After 128 years of imperial rule, the
British withdrawal from Aden in 1967
was a sombre and unpleasant affair. Instead
of cheering crowds, the streets of
shuttered shops echoed only to the roar
of armoured cars and the whine and
rattle of rooftop gun battles between the
rival Arab contenders for political power.
And at Khormaksar Airfield, scene of
the biggest airlift operation since that of
Berlin in 1948, exploding mortar-bombs
sped the 16,000 departing British servicemen
and their families on their way.
Relinquishing their tough peacekeeping
role, the Royal Marine Commandos
embarked by sea on November
28. On the same day the High Commissioner,
Sir Humphrey Trevelyan, flew off
by helicopter to H.M.S. Eagle without a
hint of ceremony - just a terse message of
"happiness and prosperity" to the new
People's Republic of South Yemen of
which Aden was now a part. The question
of future British financial aid for the new
state was left politely in abeyance.
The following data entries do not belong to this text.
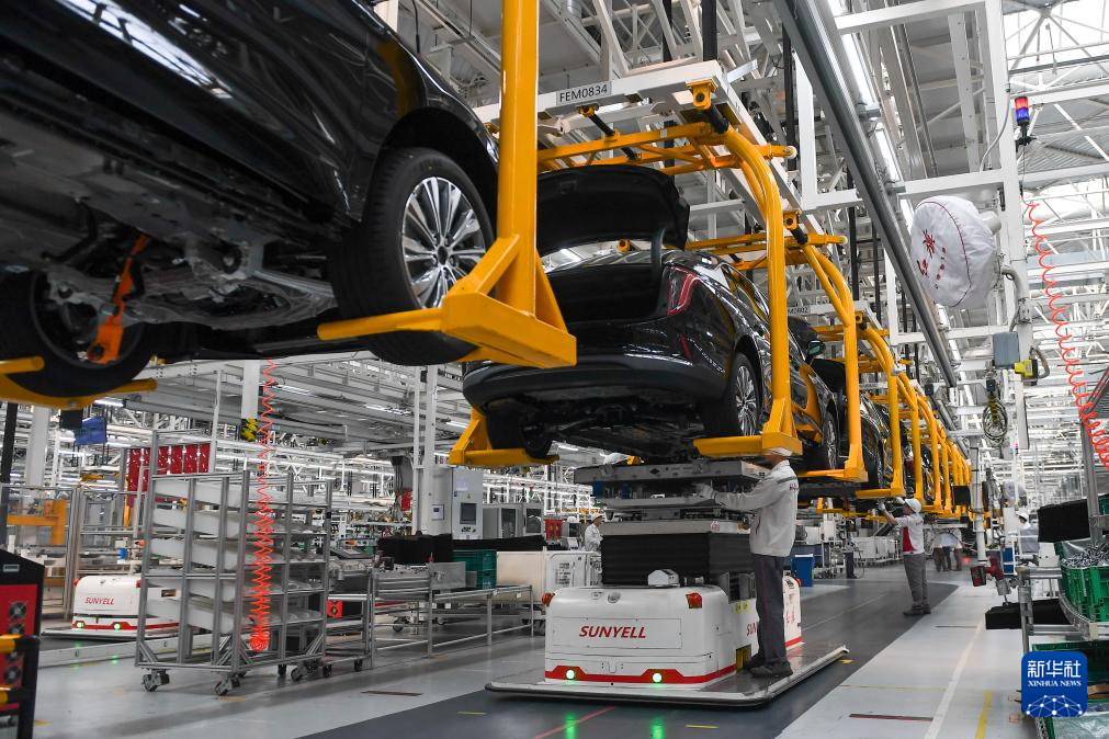 10月8日,工人在位于吉林长春的一汽红旗制造中心繁荣厂区总装车间装配车辆。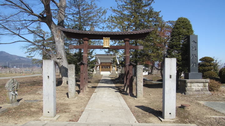 1555年に長沼を征服した武田信玄もまた武家の神であるこの八幡宮を尊崇し、永禄年間には矢場八幡大神という社号を冠して宝物神器を奉納しました。ところが、その宝物神器は1740年代(寛保年間)の大洪水で流失してしまったとか。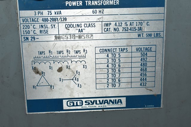 Sylvania Power Transfer Transformer. 3 Phase , 75KVA, 480/208/120 Voltage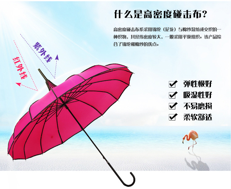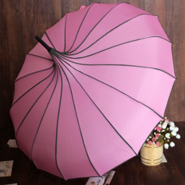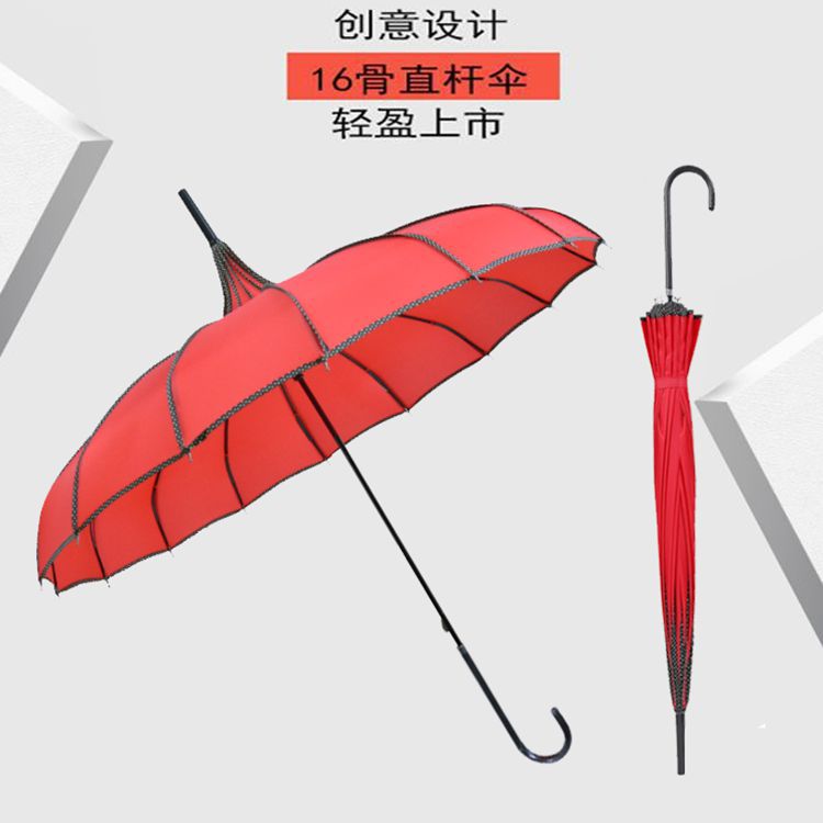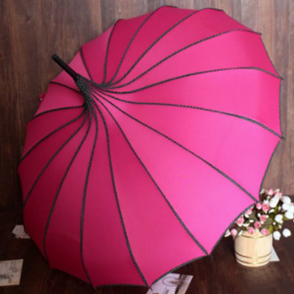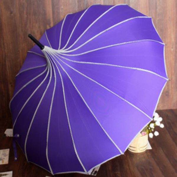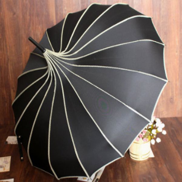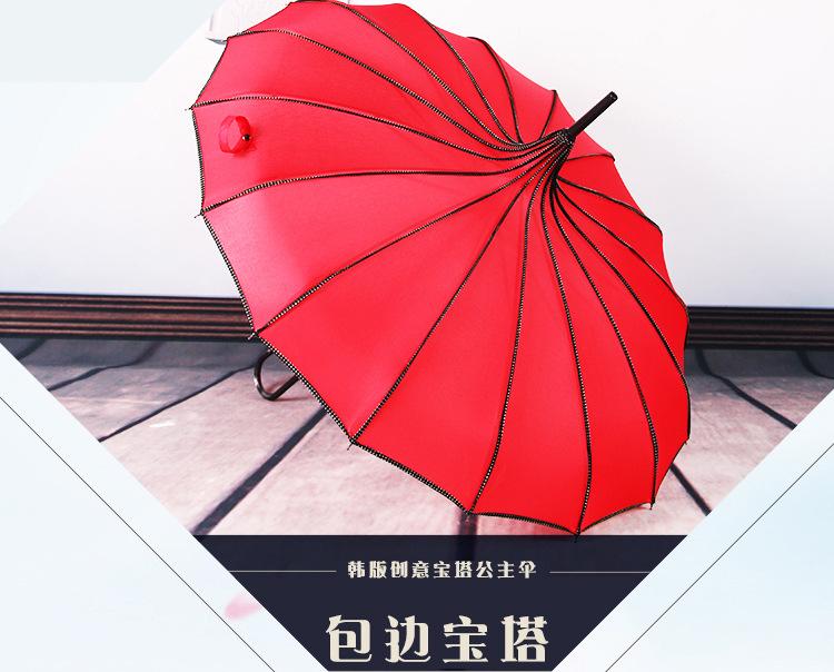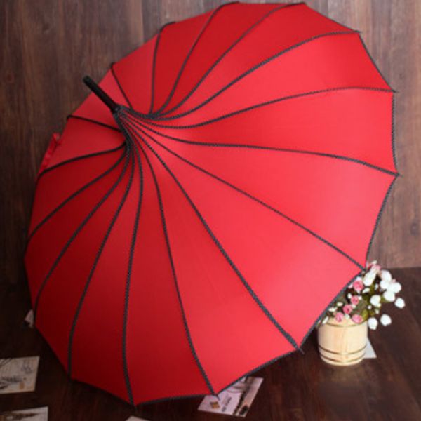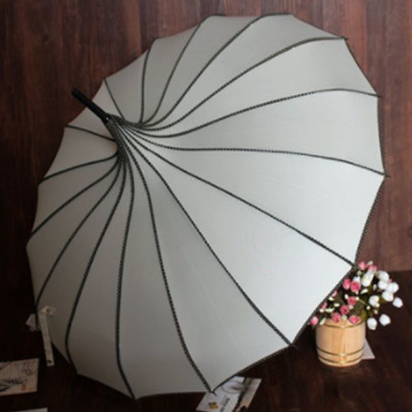 창의적인 레트로 탑형 우산, 가장자리가 처리된 16개의 직선형 긴 손잡이가 있는 귀여운 한국 공주 스타일의 양산, 비와 햇빛 모두를 막아주는 우산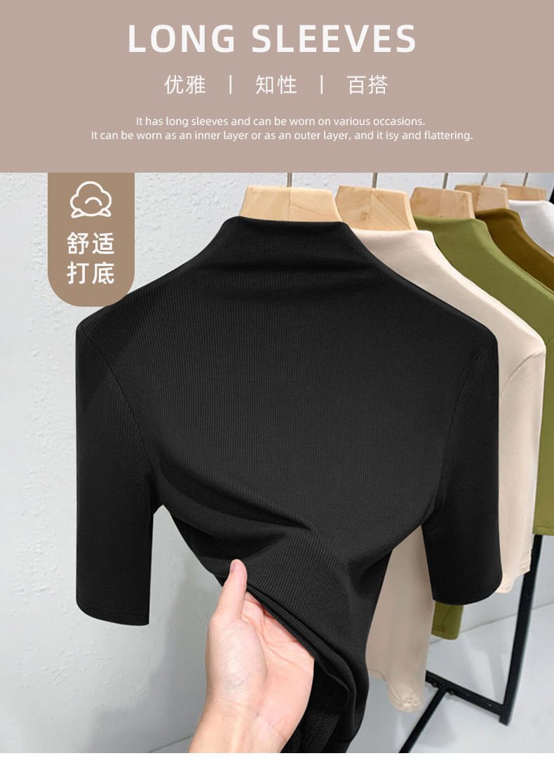 女性用ハーフタートルネックミッドスリーブTシャツ、2025年春夏新作ブラックスレッドスタイルタイトニットボトムストップ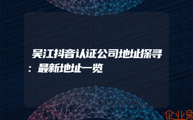 - 吴江抖音认证公司地址探寻:最新地址一览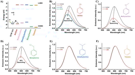 (A) Schematic representation of the HOMO-LUMO energy levels (in gas phase) for the DCM dye and the aromatic compounds used for the quenching test (aniline, methylaniline, dimethylaniline, benzylamine, and toluene). (B–F) Emission spectra of DCM/Al-ITQ-HB ([DCM]0 = 1 × 10−4 M) in the absence and presence of aniline (B), methylaniline (C), benzylamine (D), dimethylaniline (E), and toluene (F) atmospheres. For (B–D) the percentage of emission quenching is displayed in the figure.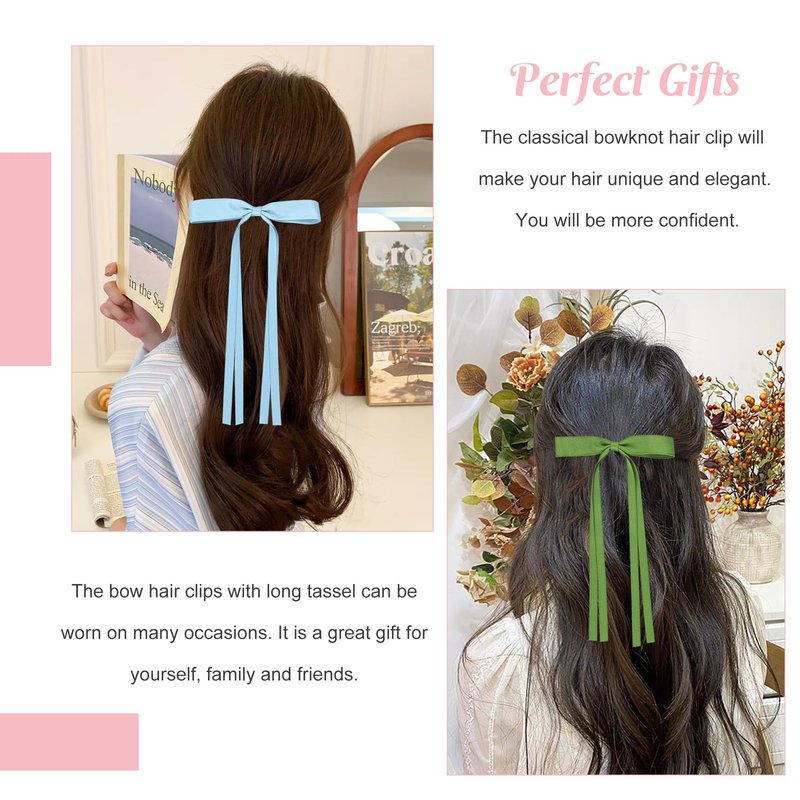 - ⭐Wonderful Gifts: The exquisite design hair bows for women are wonderful for daily wearing, parties, wedding reception, ceremonies, fashion shows, birthdays, Christmas. The silk bow hair clips with long tail suit for thick thin curly or long hair, perfect gifts for your daughter, friends, sisters.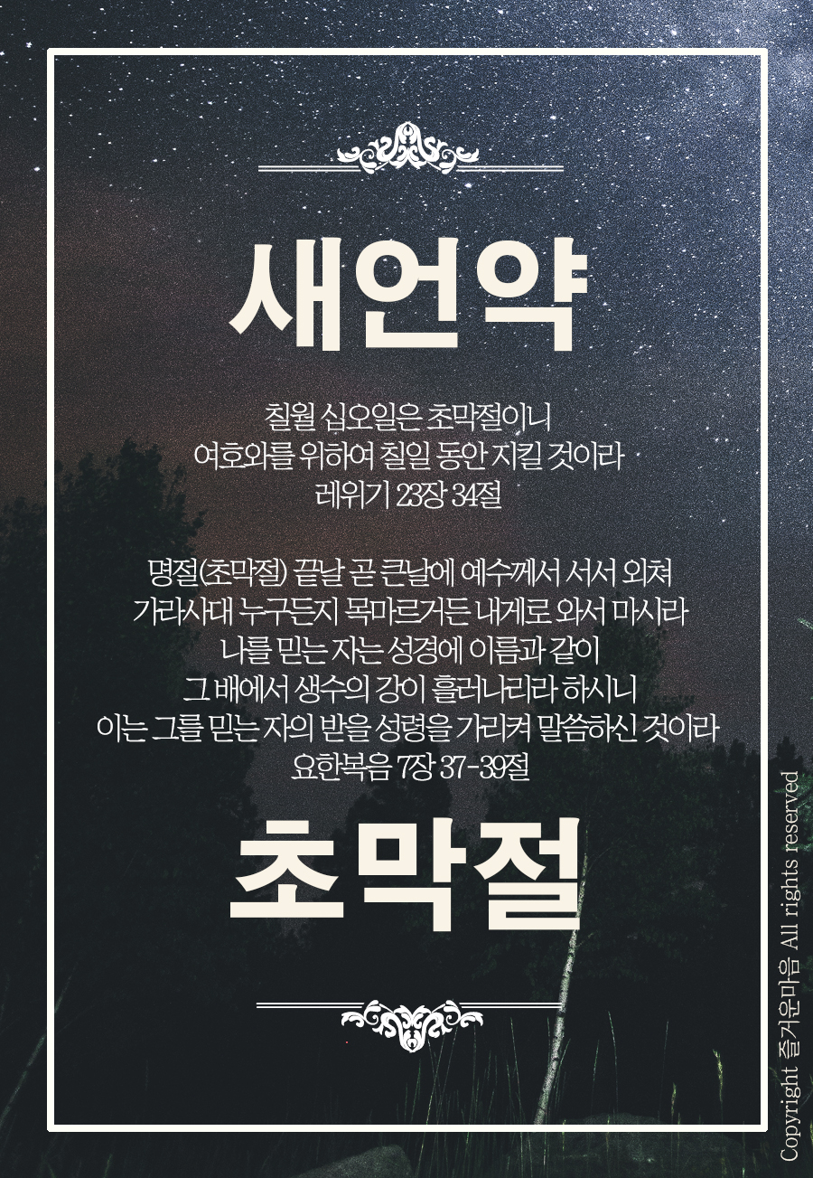 레위기 23장 34~42절 이스라엘 자손에게 고하여 이르라 칠월 십오일은 초막절이니 ... 너희는 칠 일 동안 ①초막에 거하되 이스라엘에서 난 자는 다 초막에 거할지니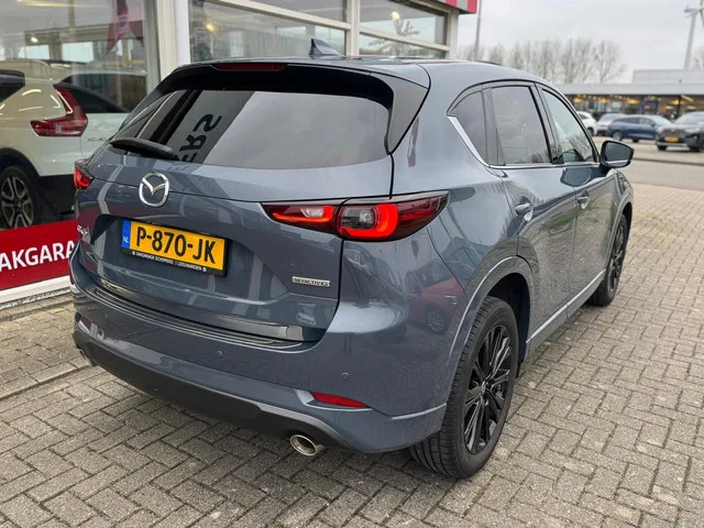 Prachtige volle Mazda CX5 van de eerste eigenaar met zeer lage km stand en de sterke 2.5 motor met automaat. Mazda CX-5 2.5 SkyActiv-G 194 Signature 1e eigenaar. Kenteken: P-870-JK; Merk: Mazda; Model: CX-5; APK tot: 31-03-2026; Tellerstand: 33672 KM; Carrosserievorm: SUV; Aantal deuren: 5; Brandstofsoort: Benzine; Bouwjaar: 2022; Transmissie: Automaat; Kleur: grijs Metallic; Kleurnaam: POLYMETAL GREY; Bekleding: Leder; Motorinhoud: 2488 cc; Aantal cilinders: 4; Motorcode: PE; Vermogen: 143 kW / 195pk; Ledig gewicht: 1541 kg; Max. trekgewicht: 2000 kg; Aantal zitplaatsen: 5; Verbruik: 7.1 l/100 km; BTW/Marge: Marge, de BTW is niet aftrekbaar; Lengte: 458 cm; Breedte: 185 cm; Hoogte: 1680 cm; Aantal sleutels: 2; Onderhoudshistorie aanwezig: Dealer onderhouden; Motorrijtuigenbelasting: € 243 - 268 per kwartaal; Emissieklasse: Euro 6. Comfort. Boordcomputer; Regensensor. Exterieur. 19 inch lichtmetalen velgen ; Achterruitwisser; Achterspoiler; Buitenspiegel rechts; Buitenspiegels...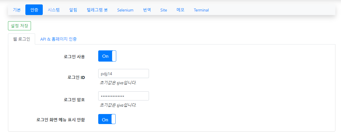 | 시스템 - 일반설정 - 인증 - 웹 로그인 | |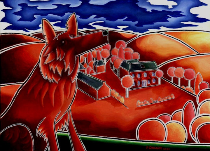 A commission by some friends in Cornwall to paint their dog which I set in front of their country home. Rather than paint the dog as some might with every hair ‘just so’, I decided to capture the charcter of the dog whose name was ‘Beowulf’. I’m pleased with the dog’s ‘cheekyness’.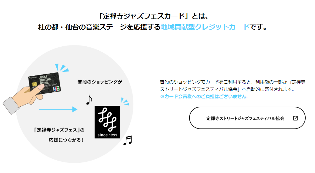 定禅寺ジャズフェスのカードとは、どんなカードかというと、日専連ライフサービス(仙台)が、発行している地域貢献型クレジットカードで、通常のショッピングでカードを利用すると、利用額の一部が定禅寺ジャズフェスティバル協会へ自動的に寄付されるというものです。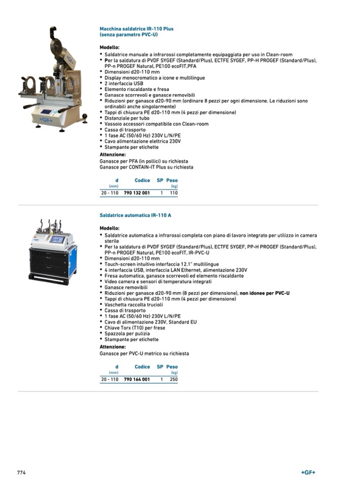 Per la saldatura di PVDF SYGEF (Standard/Plus), ECTFE SYGEF, PP-H PROGEF (Standard/Plus),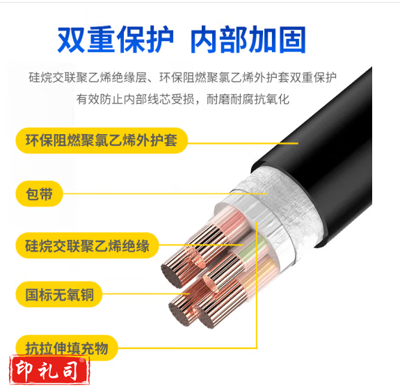 民兴电缆16平方铜芯5芯电线电缆电力国标铜芯铜线延长线 ZC-YJV-5*16-1m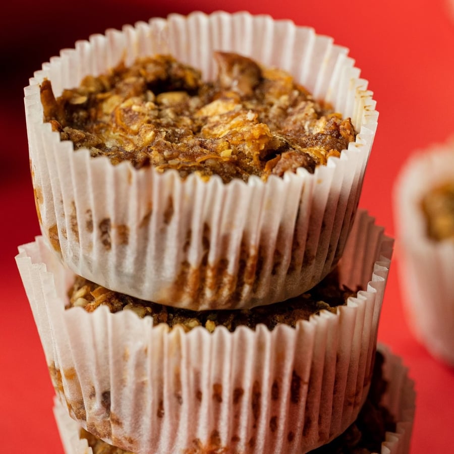 - 2Core the apple and grate it coarsely, grate the carrot finely, and place both in a medium-sized bowl. Mash the banana with a fork and add it to the bowl as well. Then add the remaining ingredients and mix everything together. Fill the prepared tin with the resulting batter and bake the muffins for 35–40 minutes at 170–180 °C. After removing, let them cool for at least 30 minutes.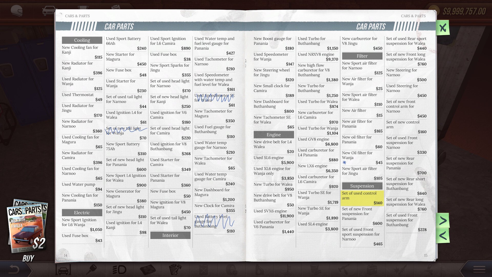 - Buy, sell and salvage wrecks and used components to save money or customize builds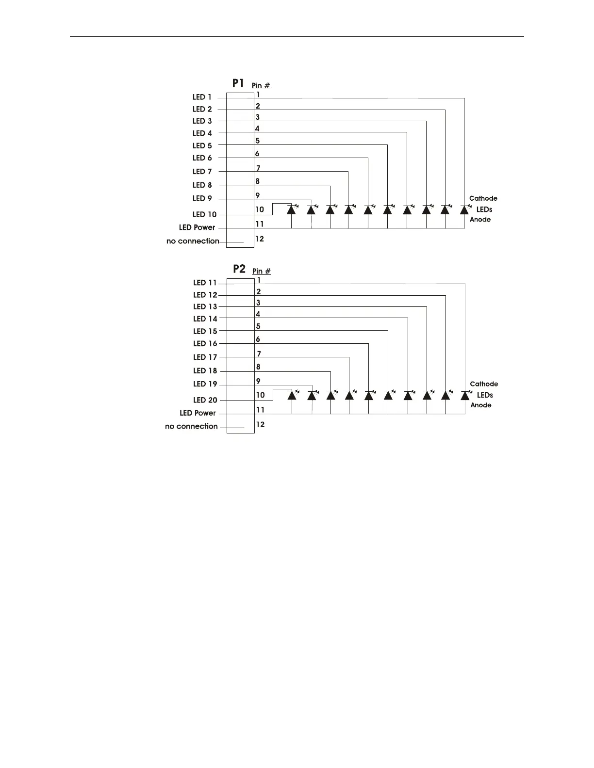 P1 and P2. Wiring is identical for P3 (LEDs 21-30) and P4 (LEDs 31-40).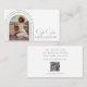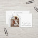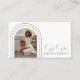 Design Modern Script Photo QR Code Photographie Photographe Carte de visite dispose d'un script élégant et élégant en argent avec votre photo préférée dans des arcs dorés avec vos détails d'affaires et le site Web d'affaires personnalisé QR code au verso. Au verso, vous trouverez vos coordonnées personnalisées. Conçu par © Evco Studio www.zazzle.com/store/evcostudio

Union
Jacks' still flying bravely over military
depots were hauled down for the last
time at sunset on November 29 and rearguards
and the men holding the perimeter
of Khormaksar Airfield finally flew out.
This picture shows A helicopter airlifting military baggage and stores from Steamer Point to a waiting aircraft carrier during the final stages of the British withdrawal from Aden.